Input JSON example for HTML documents
{
	"html": "<Document HTML>"
}

Input JSON for text documents contains:

  • html (string) - HTML to process. Please note, that HTML should not contain external links to styles or resources. 

The following additional settings can be used in Input JSON:

  • overrides (optional) - allows overriding the field and its options from Document Type Settings if it is used as default Input. The field to be overridden should be declared in the block by its name. Then settings of the field to be overridden has to be declared and defined. Please note, that "name" and "type" cannot be overridden.

    "overrides": {
        "input_custom_error_1": {
          "label": "Overrided input with custom error"
        }
         } -  "label" for the field with the name "input_custom_error_1" will be overridden with the set value.

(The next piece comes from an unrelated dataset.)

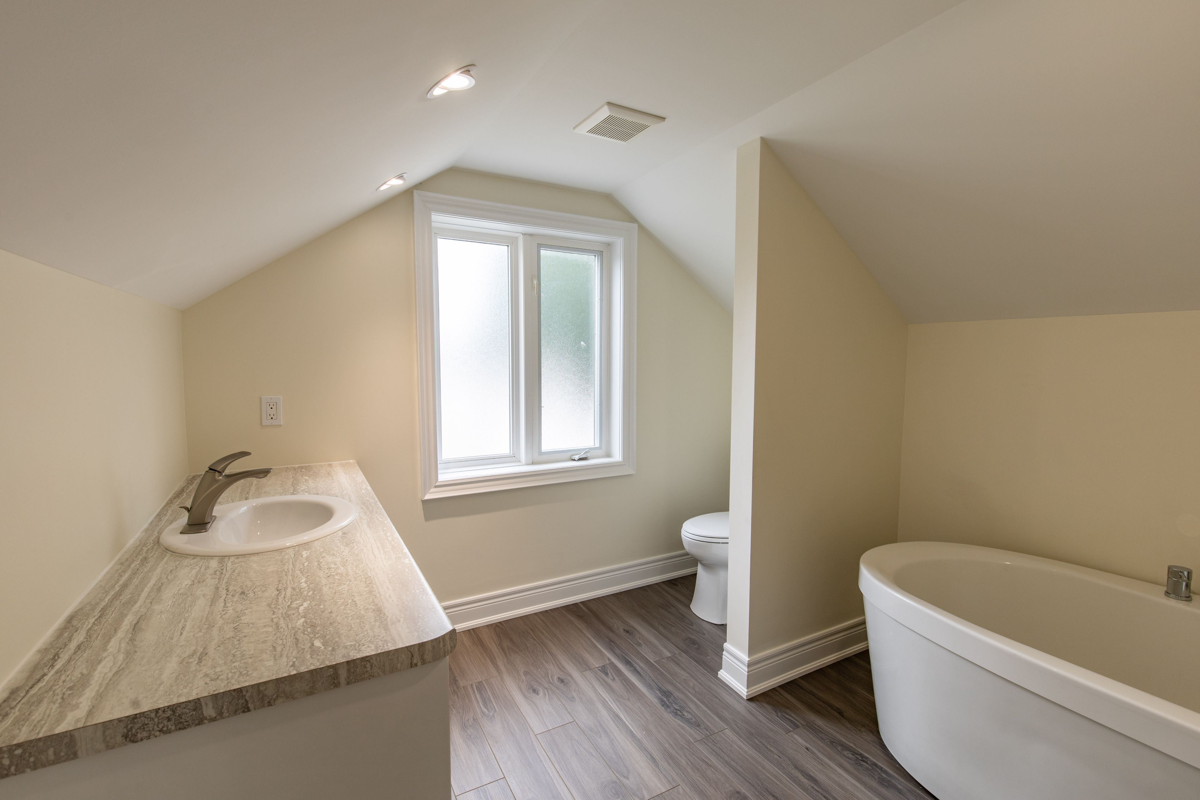 • Upstairs bedroom with a luxurious ensuite and soaker tub for relaxation.

    messages (optional) - allows displaying the block with a message or several messages. The block can be configured with various severity parameters: "info", "warning", "error".

    • "messages": ["Info message"] - to display the block with message "Info message" with default severity "info";
    • "messages": [{ "severity": "info", "text": "Info message" }] - to display the info message "Info message";
    • "messages": [{ "severity": "warning", "text": "Warning message" }] - to display the warning message "Warning message";
    • "messages": [{ "severity": "error", "text": "Error message" }] - to display the error message "Error message";

    • "messages": 
       [
         { 
           "severity": "error", 
           "text": "Error message" 
         }, 
         {
          "severity": "info", 

          "text": "Info message" 
         },
         {
          "severity": "warning", 

          "text": "Warning message" 
         }
       ]- to display several messages of different severity. 

Output JSON for processed HTML files

As an Output for HTML Information Extraction Human Task produces the following JSON:

Output JSON example for HTML Documents
{
	"html": "<Document HTML with additional tags added after human/ML processing>",
	"metadata": {
		"input_custom_error_1": "test",
		"datepicker_5": "9 Apr 2022",
		"datepicker_4": "April 09",
		"datepicker_3": "2022",
		"select_multiple_1": [
			"string_1",
			"string_2"
		],
		"select_2": "real_value_3",
		"checkbox_1": true,
		"number_input_1": "7",
		"radio_group_1": "real_value_3"
	}
}


It has the following structure:

    • html (string) - HTML with added tags to values that human/ML tagged.
    • metadata (map) - exists only if fields from the More/renamed metadata section were filled. Represented as a key-value structure, where is the key - is the field name defined in Document Type Settings and the value is a value put in a field.